TASK DETAILS:
Exclude the pictures and transcribe the rest of the data below exactly.

DATASET EXCERPT:
──────

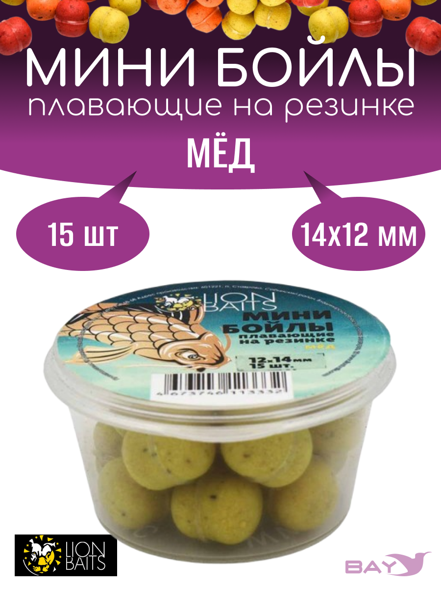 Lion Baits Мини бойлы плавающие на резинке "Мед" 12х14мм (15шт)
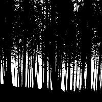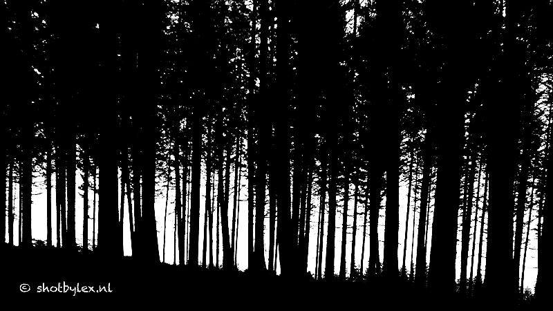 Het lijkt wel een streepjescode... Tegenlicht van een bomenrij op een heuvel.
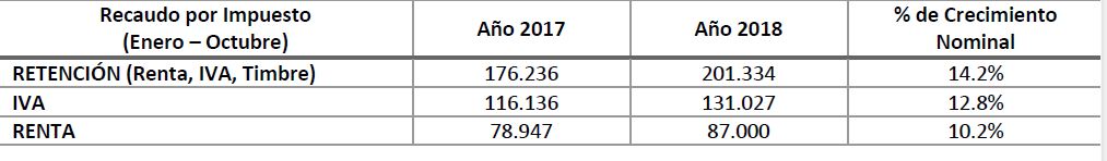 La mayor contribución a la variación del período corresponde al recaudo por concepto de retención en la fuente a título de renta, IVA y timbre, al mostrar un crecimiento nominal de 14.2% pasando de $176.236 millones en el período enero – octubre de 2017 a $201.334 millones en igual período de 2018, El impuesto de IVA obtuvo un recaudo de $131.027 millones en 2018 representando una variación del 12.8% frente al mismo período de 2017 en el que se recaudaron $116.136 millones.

──────

EXERCISE RESULT:
 Lion Baits Мини бойлы плавающие на резинке "Мед" 12х14мм (15шт)
 Het lijkt wel een streepjescode... Tegenlicht van een bomenrij op een heuvel.
 La mayor contribución a la variación del período corresponde al recaudo por concepto de retención en la fuente a título de renta, IVA y timbre, al mostrar un crecimiento nominal de 14.2% pasando de $176.236 millones en el período enero – octubre de 2017 a $201.334 millones en igual período de 2018, El impuesto de IVA obtuvo un recaudo de $131.027 millones en 2018 representando una variación del 12.8% frente al mismo período de 2017 en el que se recaudaron $116.136 millones.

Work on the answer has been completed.